Что по плану? Усталость вторит, и насмешки ее тихи: недопрожитые love-story, ненаписанные стихи... Малой кровью, киваешь гордо, загоняя поглубже вой. Мы проходим опять сквозь город, для других — не для нас — живой. Через кончики пальцев хлынет ткань реальности, как песок. Воздух, едкий как вкус полыни, Тоже вдавливает в висок.
Всё кончается. Мир однажды встанет, новых людей ища. Мы, захлебываясь от жажды, в отголосках чужих "прощай", укрепляем упрямо связи, что протянуты промеж душ. Ты поверишь в меня не сразу, только помни — я верю, жду там, где нет ни Христа, ни Будды, только сцепленных рук приют. Нажимай на курок, ты будешь Там где больше не предают
Иногда просто читаешь историю персонажа, и она прямо зримо вьется вокруг тебя картинками, которые можно потрогать. Обжечься, конечно же. Но не отдернуть руку. Когда меня перестанет так вставлять по чужим словам и образам, наступит мир и покой.
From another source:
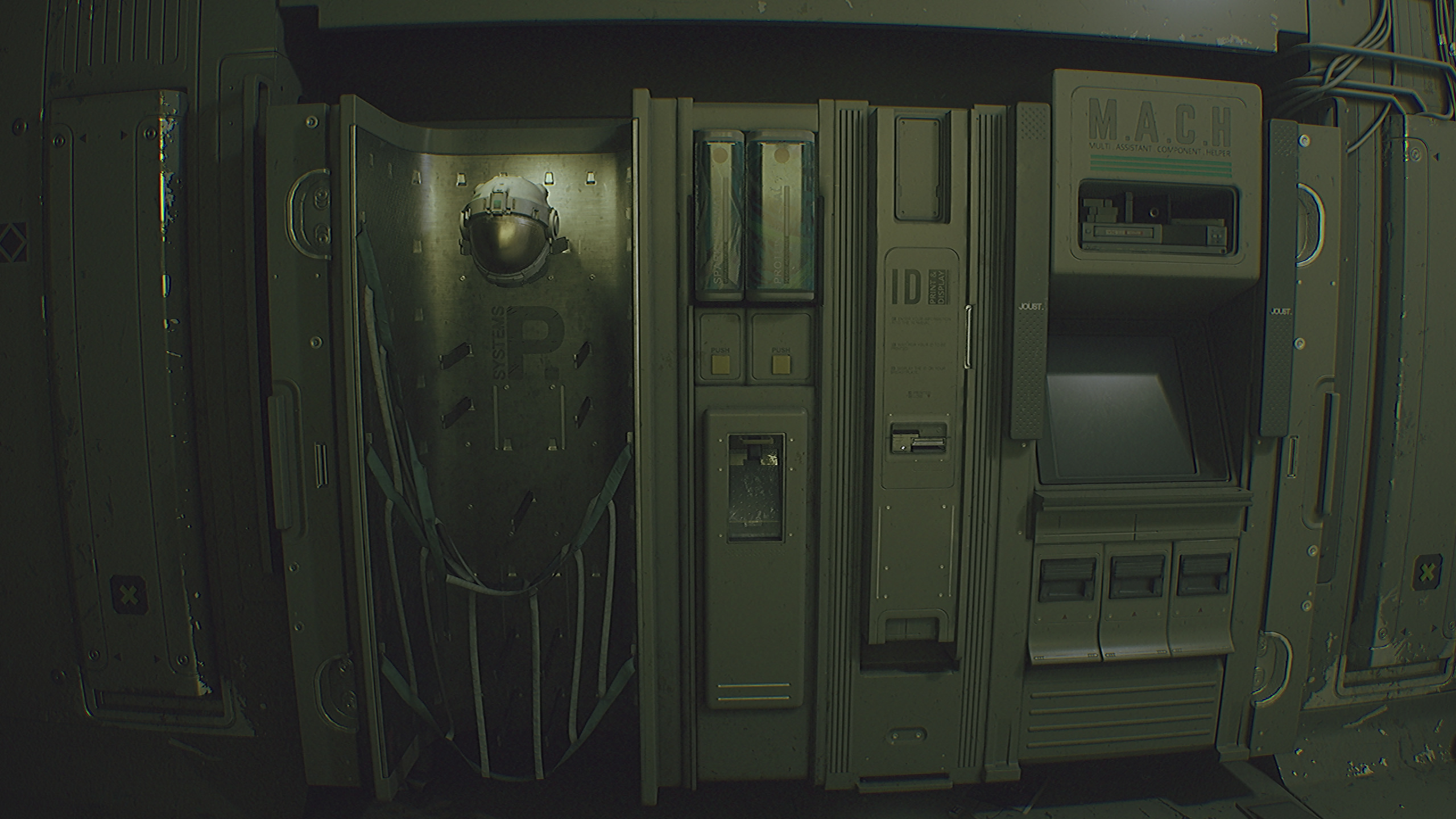 游戏共有六个章节(图就不多放了),每个章节的流程长度不一样。玩家一开始将会从*并不是冷冻仓*的地方醒来,很神奇,一般而言大家都会将太空-起始点与冷冻仓联想在一起。玩家醒来的地方,是一间趋近于廉价旅馆与监狱混合的客房,需要在新手教程后,打印自己的ID卡,然后才能出舱门。
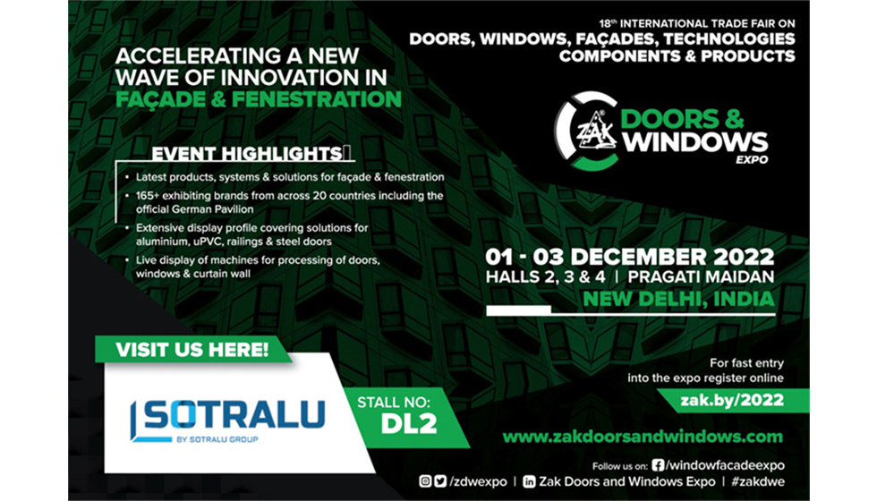 “WINDOWS, DOORS & FACADES” EXHIBITION The Sotralu Group will be present at the “Windows, Doors & Facades” Exhibition at the

Не сегодня.
страшней прогневать не господа - страшно прогневать маму. уйти как будто так просто, но тысячи глаз следят, забрасывают вопросами тысячей ртов упрямо, вину примеряют косвенно, гадкую дочь стыдя.
в миру ни любви, ни жалости - брат да немного силы. укусами взрывы жалятся, пламя съедает мир. храни тебя бог, скиталец мой, не за себя просила. как славно, что показались им преданными людьми.
в глазах синь от неба плещется, морок вползает в разум. такие дурные вещи, но крутятся жернова. полмира уже обещано, пусть выиграем не сразу. в груди прорастает женщина учится выживать.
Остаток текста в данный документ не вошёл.